PA 993 begins at an intersection with PA 130 in the borough of Trafford, heading south on two-lane undivided Brinton Avenue. The route heads through residential and business areas, curving southeast along East Brinton Avenue through more areas of homes. The road heads into North Huntingdon Township and becomes Trafford Road, turning east at Cavittsville and runs through woods, crossing the Brush Creek before passing a field and turning southeast into wooded areas with some development, with the creek winding across the road, crossing it three times.
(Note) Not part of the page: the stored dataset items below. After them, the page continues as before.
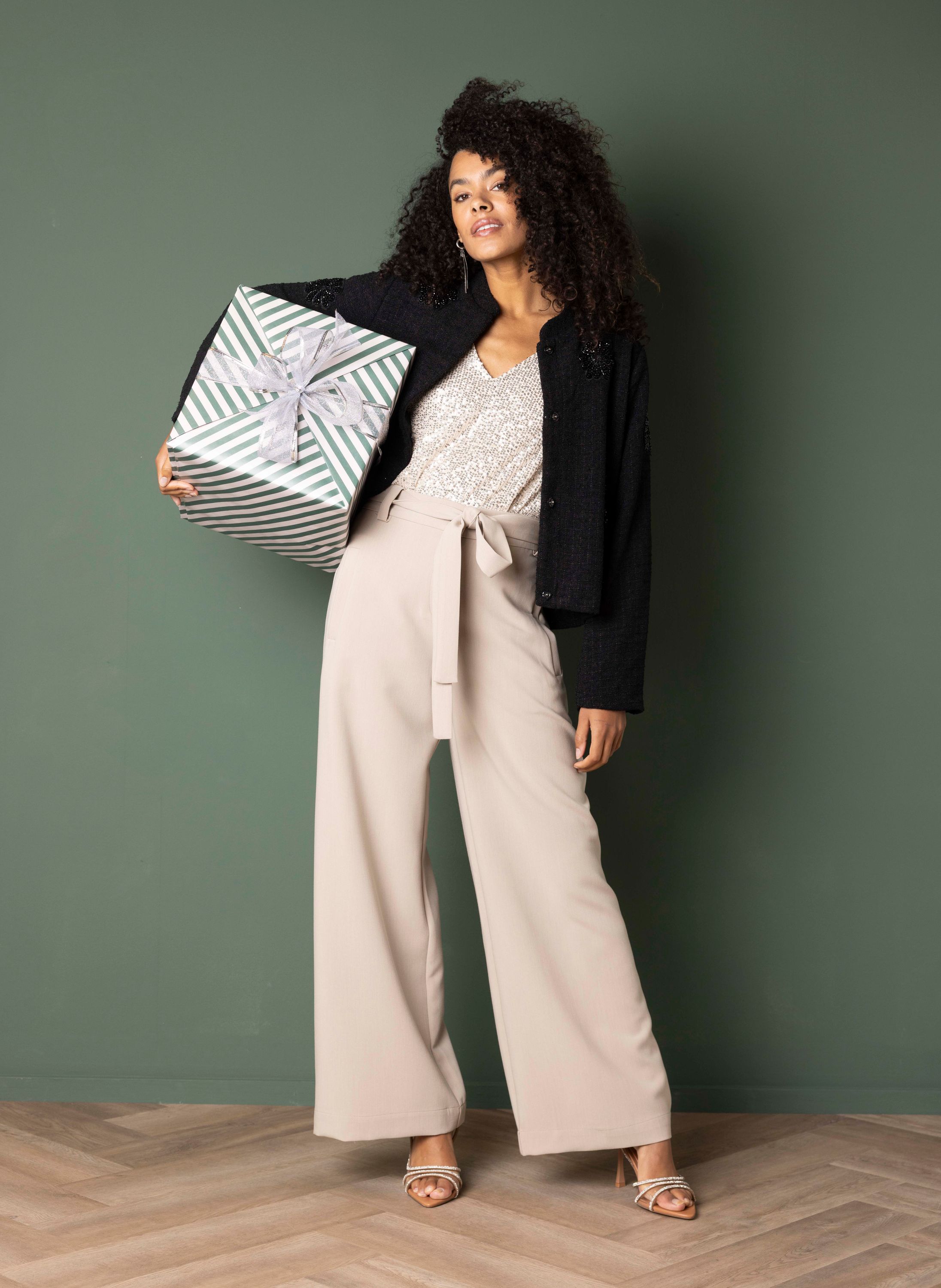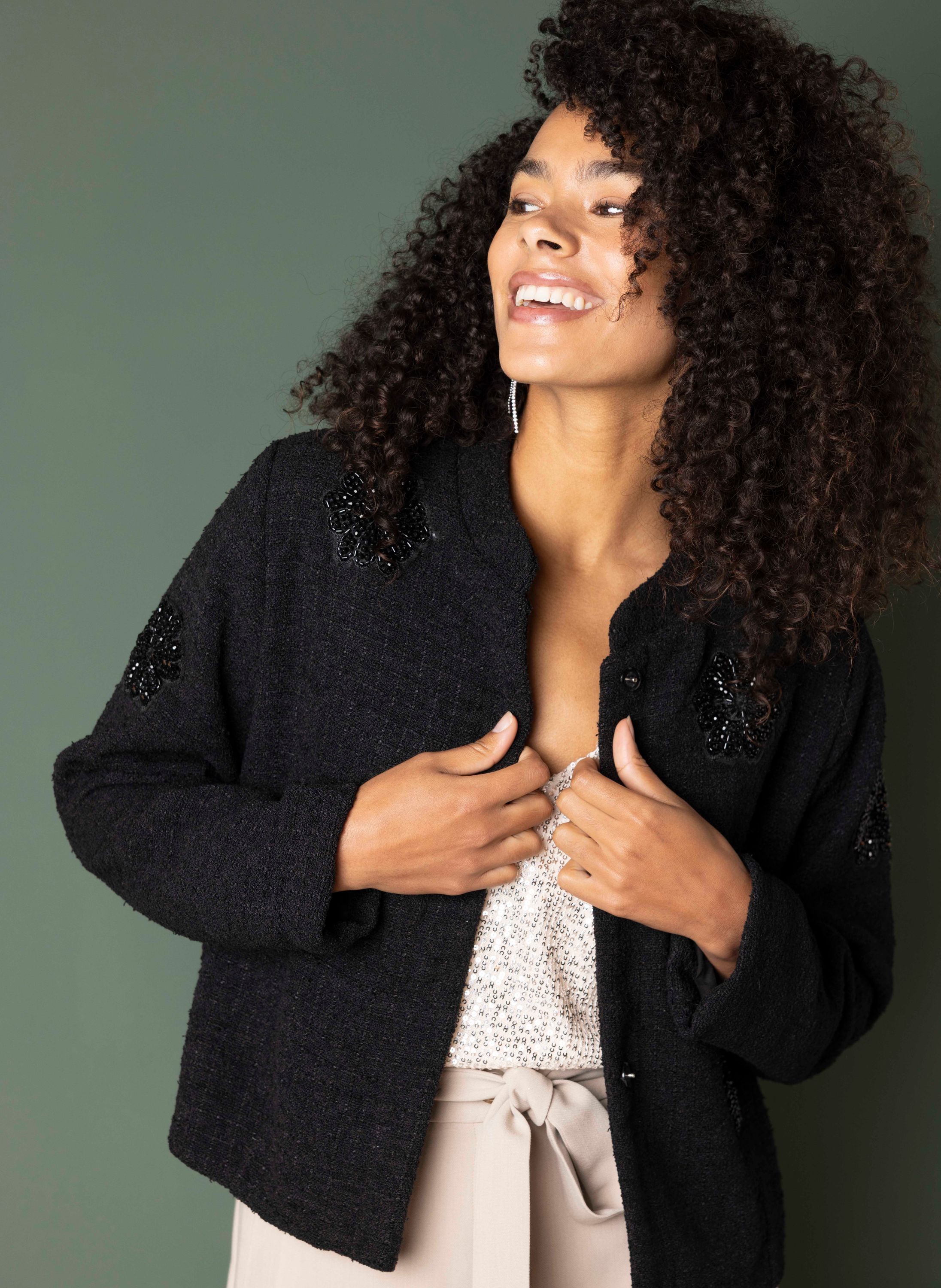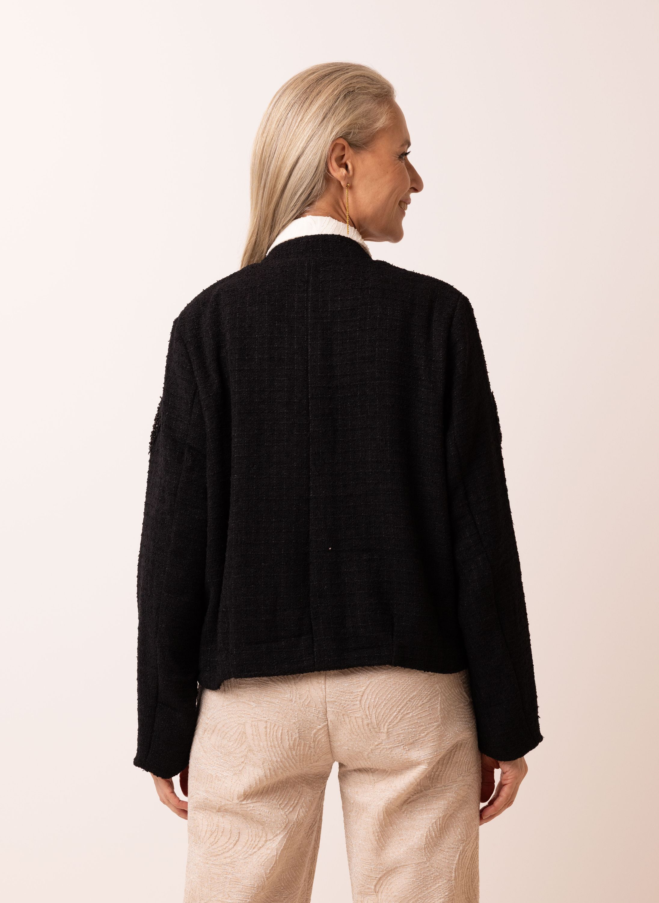 Dit jasje met ronde hals, steekzakken, blinde knoopsluiting en lange mouwen heeft een feestelijke look.
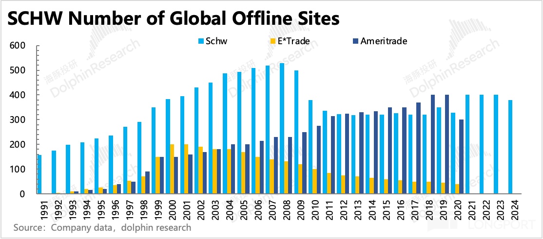 在创立的前5年里,逐步开了18个网点机构,随后加速完善线下网络。截至今天,嘉信一共有380个分支机构遍布全球。而1990年初,嘉信当时的最强竞对——互联网券商往往对线下网点天然不够重视。但在用户适应技术更替、熊市蔓延的关键窗口期,线下网络能够给到用户更多的服务和品牌信任。直到1990年末,E*Trade、Ameritrade两家才加快铺设线下网点。
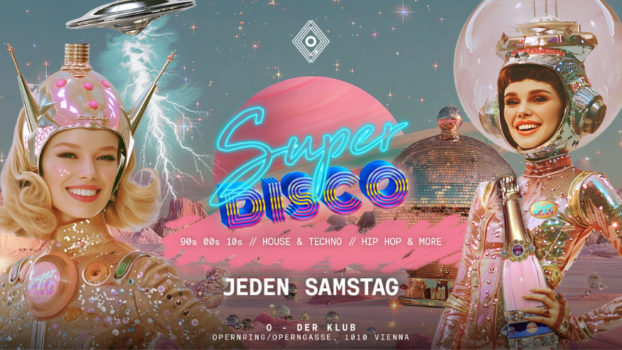 Willkommen in der schönsten Disco des Universums. Jeden Samstag öffnet sich das Portal zu einem Ort, wo Musik zu Materie wird und Emotionen durch den Raum schweben. Drei Floors. Unbekannte Frequenzen. Ein Raumschiff voll Glückseligkeit. Hier tanzt ihr durch Jahrzehnte, driftet durch elektronische Nebel und landet dort, wo Schwerkraft keine Rolle spielt. Super Disco à völlig losgelöst.
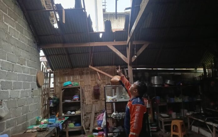 Rumah salah seorang warga Desa Waung tampak atapnya berlubang setelah diterjang angin puting beliung, Sabtu (12/6) sore.
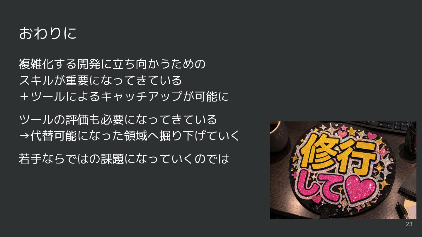 おわりに 複雑化する開発に立ち向かうための スキルが重要になってきている +ツールによるキャッチアップが可能に ツールの評価も必要になってきている →代替可能になった領域へ掘り下げていく 若手ならではの課題になっていくのでは 23
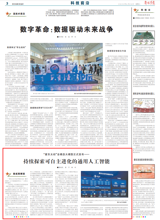 该研究所所长徐波表示,他们以“紫东太初”大模型为基础,持续探索与类脑智能、博弈智能等技术路径的相互融合,最终实现可自主进化的通用人工智能,并将探索在更多领域发挥其赋能价值,为促进我国数字经济快速发展贡献力量。
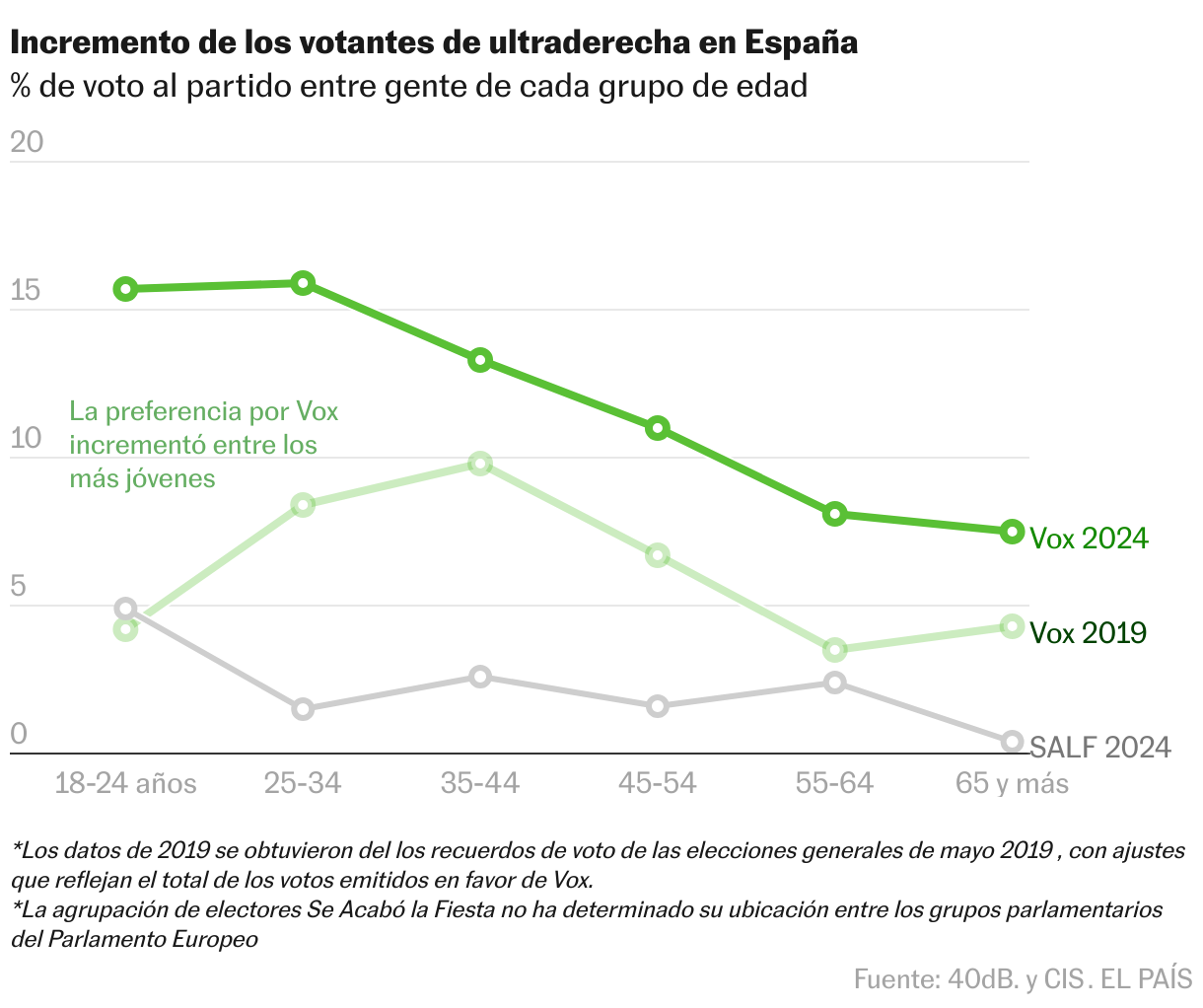 La popularidad de la extrema derecha entre los jóvenes tiene sus límites. Italia y España son un ejemplo de ello. En España, Vox crece con fuerza. El 9-J recibió un 15,7% del voto joven. A falta de datos desagregados de las europeas de 2019, sirve de referencia para mostrar la subida el resultado de las generales de abril de ese año, en las que el partido solo logró el 4,2% de apoyo en ese grupo de edad. A este auge ultra en España se ha sumado un nuevo actor: Alvise Pérez, fundador de Se Acabó La Fiesta (SALF), que se metió a la Eurocámara con tres eurodiputados, con más adeptos entre el grupo de menores de 25 años.
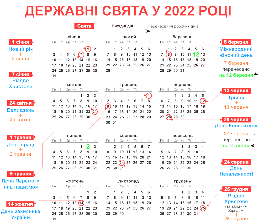 Упродовж 2022 року буде 107 вихідних днів, тоді як у 2021 році було 115-ть.
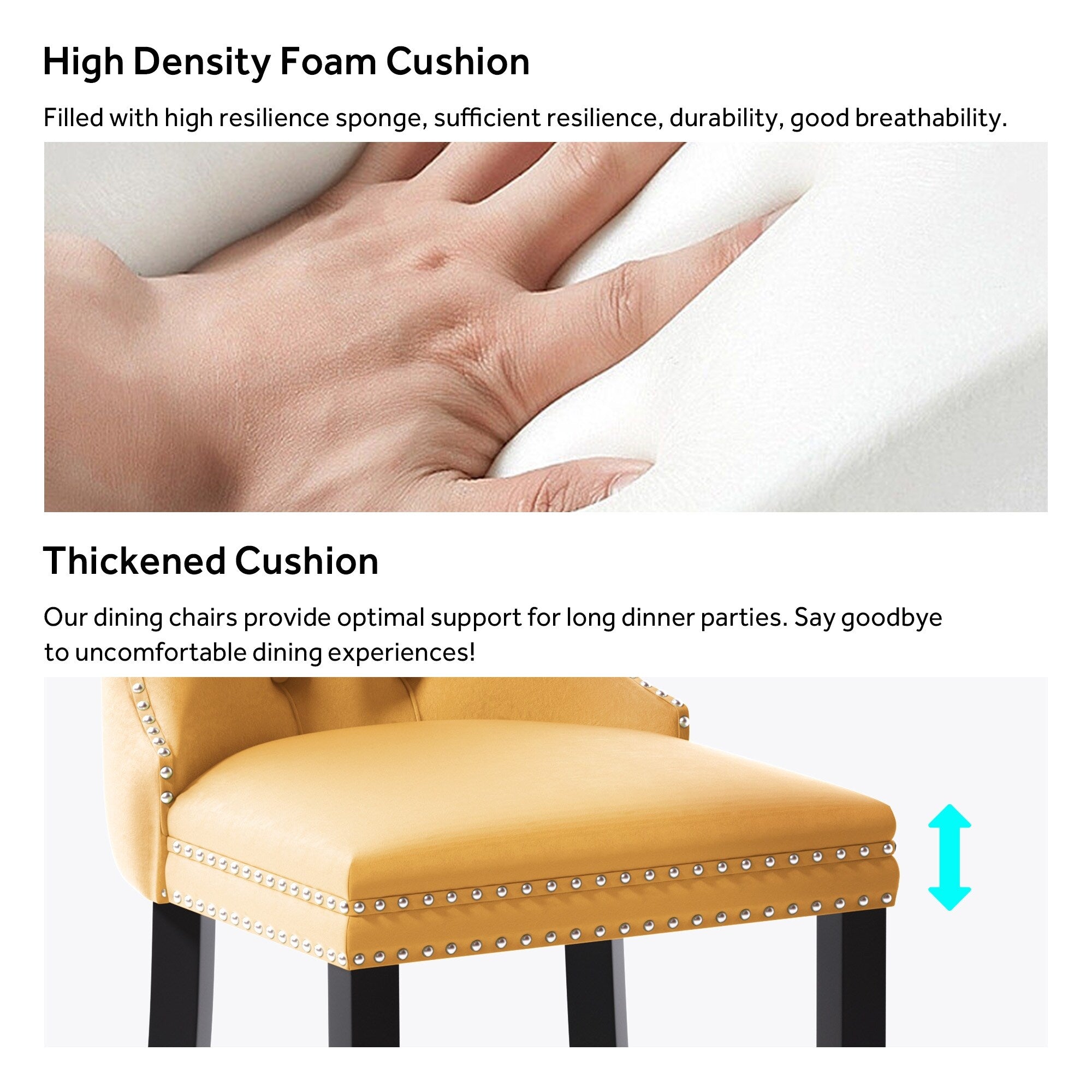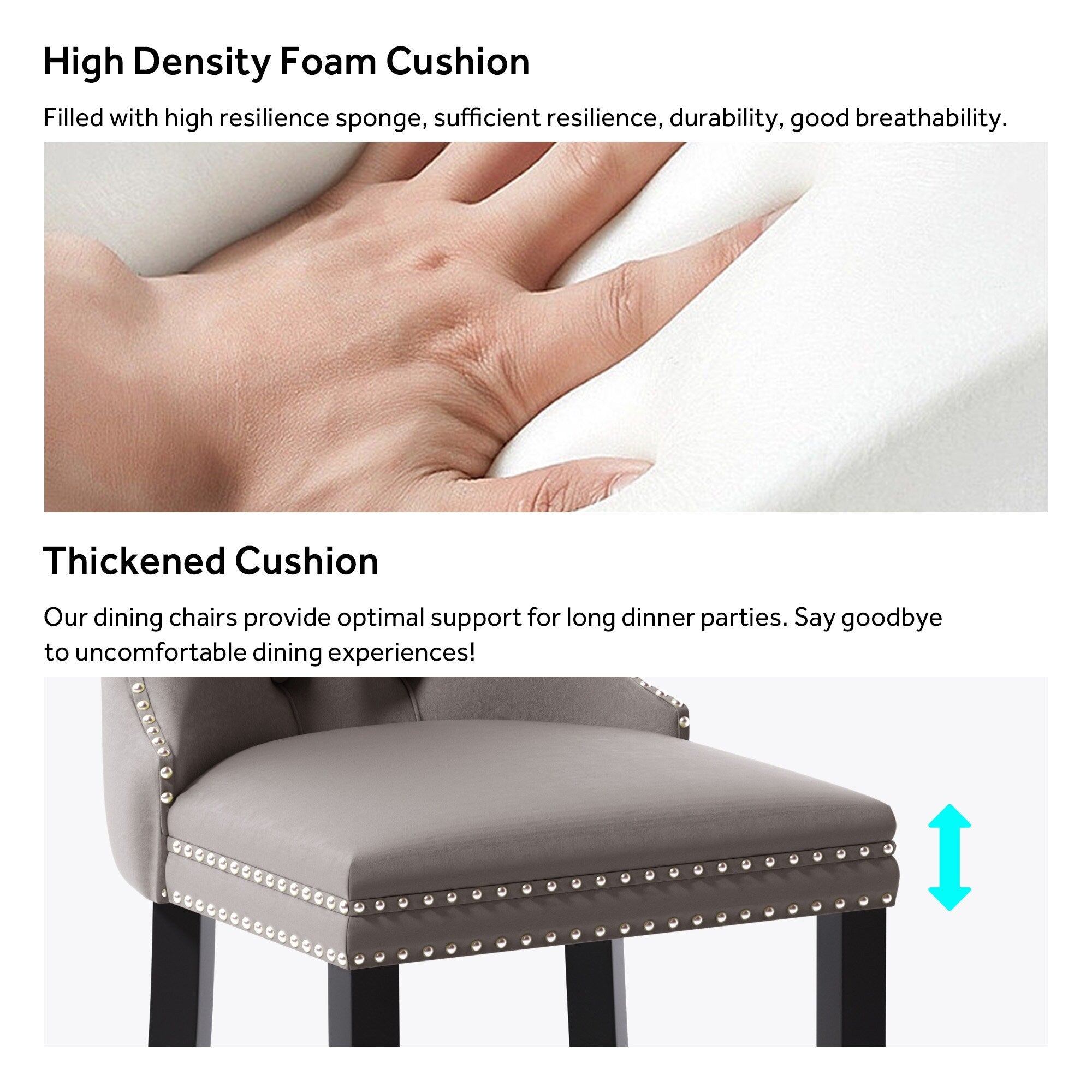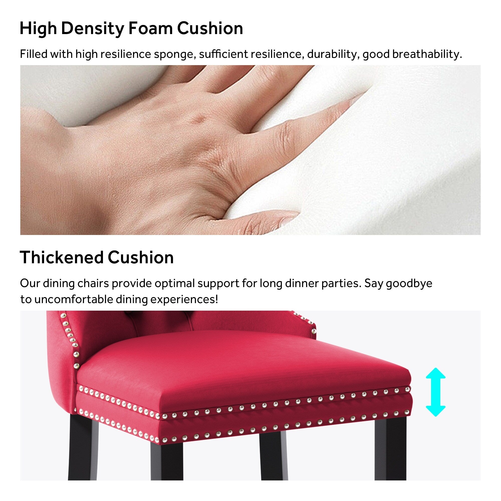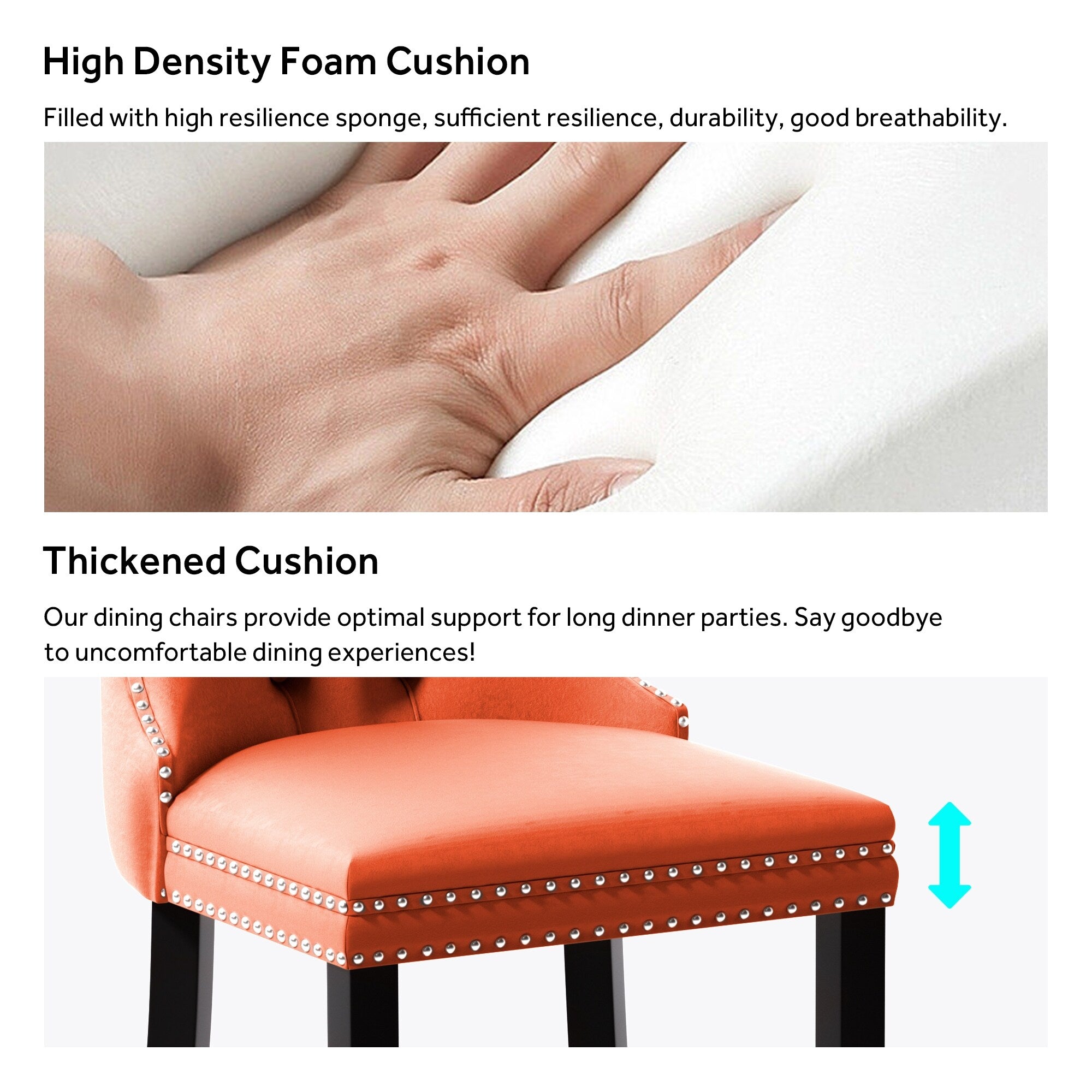 - Chaises de cuisine douces et confortables : le coussin est composé d'une mousse haute élasticité et d'un panneau multicouche, avec une structure à double élasticité et une éponge à fort rebond, pour une assise confortable. Il apporte une ambiance chaleureuse à la salle à manger, au salon ou à l'appartement.

PA 993 runs through Ardara, at which point it runs a short distance to the east of Norfolk Southern's Pittsburgh Line. The route passes through more forested areas, curving south onto Water Street and passing under the railroad line near residential Larimer, at which point it crosses the Brush Creek and again winds southeast along the creek. The road passes through more woodland with some industrial development, turning east and continuing into the borough of Irwin. PA 993 passes homes and businesses, turning south onto Main Street, where it passes more businesses. The route heads east onto 3rd Street and heads through residential areas. Crossing back into North Huntingdon Township, the road becomes Broadway Street and passes through woods before running through areas of homes and industry in Shafton.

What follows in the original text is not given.